Наш прорыв случился донельзя кстати. Следующая встреча по рибосомам должна была состояться в июне (всего через месяц) чуть севернее Копенгагена. Еще будучи в Юте, у нас не было ничего конкретного, кроме хороших кристаллов и планов собрать данные. Но я спросил одного из организаторов, Роджера Гарретта, могу ли сделать краткий доклад. Присланное мною резюме статьи уложилось в одну строчку; я написал, что мы сообщим о том, какого прогресса достигли в расшифровке структуры субъединицы 30S. Несмотря на отсутствие конкретики, Гарретт великодушно записал меня в хвост вечернего заседания в первый день конференции, посвященный структурам целой рибосомы либо ее субъединиц. Позже он рассказал мне, что во время встречи оргкомитета конференции Питер Мур усомнился, что у меня есть что-либо существенное, так как мы с ним пересекались в Брукхейвене всего пару месяцев назад. Но Гарретт сказал, что, возможно, у меня есть какой-то джокер в рукаве.
В ближайшие пару недель мы лихорадочно пытались написать внятный материал, поскольку, как только я выступлю, все бросятся печатать свои статьи, и нас опередят. Именно в таких случаях удаленная работа не очень полезна: люди заняты разными задачами, работают в разное время, и каждому кажется, что другие вкладываются недостаточно. Как правило, я устранял такие терки в зародыше, но сейчас был далеко и не мог успокоить ребят дистанционно.
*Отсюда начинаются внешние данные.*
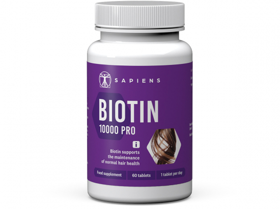 SAPIENS Biotiin 10000 Pro tabletid N60 Tootekood: 477905239029 GTIN: 4779052390297 Universaalsed tooted nahale, juustele ja küüntele <p>Biotiin, muidu tuntud kui vitamiin B7, on B-grupi vees lahustuv vitamiin, mida leidub toiduainetes. Biotiini puudus võib ilmneda nina ja suu ümbruses punetuses, küünte muutustes.</p> <p>SAPIENS Biotiin 10000 PRO toidulisandil on äärmiselt tugev koostis. Üks tablett sisaldab koguni 10000 μg biotiini.</p> <p>Biotiin on laialdaselt tuntud oma mõju poolest juustele (biotiin aitab säilitada juuste normaalset seisundit). Samuti aitab biotiin säilitada naha normaalset seisundit ja aitab säilitada makrotoitainete normaalset ainevahetust.</p> <p>Biotiin aitab säilitada õiget energia tasakaalu (biotiin aitab kaasa normaalsele energia ainevahetusele), avaldab soodsat mõju närvisüsteemile (biotiin aitab kaasa närvisüsteemi normaalsele toimimisele) ja psühholoogilisele funktsioonile (biotiin aitab kaasa normaalsele psühholoogilisele funktsioonile). Samuti aitab biotiin säilitada limaskestade normaalset seisundit.</p> <p><strong>Netokogus: </strong>60 tabletti</p> <p><strong>Tootja ja turustaja: </strong>Nature Labs UAB, Leedu </p> | out of stock | 9,39 € | Poodi | |

Каким-то образом мы успели закончить рукопись, и я отправил в
Поезд из копенгагенского аэропорта в тихий городок Хельсингер идет около часа. Город отделен проливом от Швеции и также известен как Эльсинор – место действия «Гамлета». Там мне довелось жить в одном номере со Стивом Уайтом. Узнав в свое время о моих планах работать над 30S, он скептически отнесся к этой затее. Когда я смог идентифицировать на картах 30S семь белков – сразу ему об этом рассказал, поскольку он собирался говорить об их структурах в отдельности, и его доклад стал бы провалом. При встрече в Дании я описал ему подлинные масштабы нашей работы и, кажется, его шокировал. Однако Стив, всегда остававшийся джентльменом, повел себя вежливо. Не каждому это дано.
Днем подтянулось большинство участников конференции, открытие мероприятия было запланировано прямо перед обедом. На этом заседании выступали Том, Ада, Джейми и я, именно в таком порядке. За исключением немногих, почти никто до того времени и не подозревал, что я работаю над всей субъединицей 30S целиком. Внезапно я ощутил, что впервые за много лет так нервничаю.
Первым взял слово Том и рассказал, каких успехов удалось добиться при изучении структуры 50S. К тому моменту его группа получила картинки примерно с таким же разрешением, что и у нас, поэтому они увидели РНК и белки с детализацией, близкой к нашей. Также они идентифицировали ряд белков и элементов РНК. После его доклада поднялась Ада и постаралась подчеркнуть, что он вообще не должен был увидеть белки, поскольку кристаллы субъединицы 50S выращивались в сильно минерализованном растворе. Она упирала на то, что плотность электронной карты концентрированного соляного раствора должна быть столь высока, что белки будут давать минимальную контрастность, и увидеть их должно быть невозможно. Том с ней не соглашался, она настаивала. Наконец терпение его лопнуло, он сложил руки и сказал: «Я расшифровал множество структур в трехмолярном сульфате аммония. Сколько структур расшифровали вы?» Наступила неловкая тишина, и на этом дискуссия закончилась.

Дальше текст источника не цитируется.